**Work item**:
Begin at the line below that has "6502 QL Protective" and stop after the line that has "Vajszínű pillangó mintás". Please restate only those lines, word for word.

**Excerpts from a dataset**:
§

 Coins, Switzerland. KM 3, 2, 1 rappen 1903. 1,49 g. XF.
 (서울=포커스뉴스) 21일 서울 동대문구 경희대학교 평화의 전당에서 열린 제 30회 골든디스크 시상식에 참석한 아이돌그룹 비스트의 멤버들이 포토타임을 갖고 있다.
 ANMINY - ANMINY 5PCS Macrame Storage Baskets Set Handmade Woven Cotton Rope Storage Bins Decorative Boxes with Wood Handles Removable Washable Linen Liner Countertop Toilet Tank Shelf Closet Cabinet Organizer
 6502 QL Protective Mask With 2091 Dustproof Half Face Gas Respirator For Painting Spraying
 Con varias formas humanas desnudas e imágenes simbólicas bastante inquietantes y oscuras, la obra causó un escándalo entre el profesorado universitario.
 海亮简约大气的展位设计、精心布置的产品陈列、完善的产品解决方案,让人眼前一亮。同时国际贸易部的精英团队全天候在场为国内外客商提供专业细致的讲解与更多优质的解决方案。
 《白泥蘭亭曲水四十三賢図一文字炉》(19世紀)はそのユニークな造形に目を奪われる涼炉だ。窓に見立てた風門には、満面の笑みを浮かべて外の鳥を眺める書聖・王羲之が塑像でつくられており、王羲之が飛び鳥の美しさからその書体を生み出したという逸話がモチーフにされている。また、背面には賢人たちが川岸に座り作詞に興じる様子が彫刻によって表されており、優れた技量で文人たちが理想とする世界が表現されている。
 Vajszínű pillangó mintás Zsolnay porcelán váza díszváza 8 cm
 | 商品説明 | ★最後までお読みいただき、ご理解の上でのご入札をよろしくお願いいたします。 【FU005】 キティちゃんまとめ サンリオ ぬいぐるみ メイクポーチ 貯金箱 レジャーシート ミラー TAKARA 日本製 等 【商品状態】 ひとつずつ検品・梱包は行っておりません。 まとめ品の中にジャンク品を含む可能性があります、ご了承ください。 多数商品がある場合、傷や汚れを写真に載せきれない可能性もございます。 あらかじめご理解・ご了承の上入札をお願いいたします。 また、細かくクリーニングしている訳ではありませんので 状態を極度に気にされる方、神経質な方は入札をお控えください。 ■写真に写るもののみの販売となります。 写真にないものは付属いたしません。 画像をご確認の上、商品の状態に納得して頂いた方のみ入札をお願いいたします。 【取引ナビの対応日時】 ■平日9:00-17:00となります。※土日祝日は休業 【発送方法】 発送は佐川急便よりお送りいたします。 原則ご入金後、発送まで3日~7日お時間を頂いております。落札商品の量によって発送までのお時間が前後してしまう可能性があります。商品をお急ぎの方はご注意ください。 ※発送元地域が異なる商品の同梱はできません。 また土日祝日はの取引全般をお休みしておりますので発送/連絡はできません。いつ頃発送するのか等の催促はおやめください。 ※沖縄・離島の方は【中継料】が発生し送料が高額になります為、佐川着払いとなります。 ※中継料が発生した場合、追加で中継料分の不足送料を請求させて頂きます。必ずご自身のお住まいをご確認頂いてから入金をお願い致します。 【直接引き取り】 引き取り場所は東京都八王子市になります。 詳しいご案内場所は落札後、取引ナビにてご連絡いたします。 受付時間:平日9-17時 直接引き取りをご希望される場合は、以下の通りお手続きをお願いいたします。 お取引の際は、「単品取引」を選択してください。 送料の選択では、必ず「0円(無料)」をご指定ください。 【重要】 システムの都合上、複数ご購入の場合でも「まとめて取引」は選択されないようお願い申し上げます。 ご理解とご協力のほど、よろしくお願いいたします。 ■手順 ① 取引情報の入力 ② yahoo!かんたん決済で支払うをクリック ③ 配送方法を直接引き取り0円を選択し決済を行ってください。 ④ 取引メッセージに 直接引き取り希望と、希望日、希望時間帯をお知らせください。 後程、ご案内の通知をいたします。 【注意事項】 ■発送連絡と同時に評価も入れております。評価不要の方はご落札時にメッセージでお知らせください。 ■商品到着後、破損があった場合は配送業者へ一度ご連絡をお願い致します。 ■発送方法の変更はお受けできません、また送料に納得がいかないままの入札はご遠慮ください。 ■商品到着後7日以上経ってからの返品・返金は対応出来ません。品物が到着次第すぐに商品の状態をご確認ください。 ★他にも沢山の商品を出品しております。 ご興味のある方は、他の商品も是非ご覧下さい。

§

**Exercise result**:
 6502 QL Protective Mask With 2091 Dustproof Half Face Gas Respirator For Painting Spraying
 Con varias formas humanas desnudas e imágenes simbólicas bastante inquietantes y oscuras, la obra causó un escándalo entre el profesorado universitario.
 海亮简约大气的展位设计、精心布置的产品陈列、完善的产品解决方案,让人眼前一亮。同时国际贸易部的精英团队全天候在场为国内外客商提供专业细致的讲解与更多优质的解决方案。
 《白泥蘭亭曲水四十三賢図一文字炉》(19世紀)はそのユニークな造形に目を奪われる涼炉だ。窓に見立てた風門には、満面の笑みを浮かべて外の鳥を眺める書聖・王羲之が塑像でつくられており、王羲之が飛び鳥の美しさからその書体を生み出したという逸話がモチーフにされている。また、背面には賢人たちが川岸に座り作詞に興じる様子が彫刻によって表されており、優れた技量で文人たちが理想とする世界が表現されている。
 Vajszínű pillangó mintás Zsolnay porcelán váza díszváza 8 cm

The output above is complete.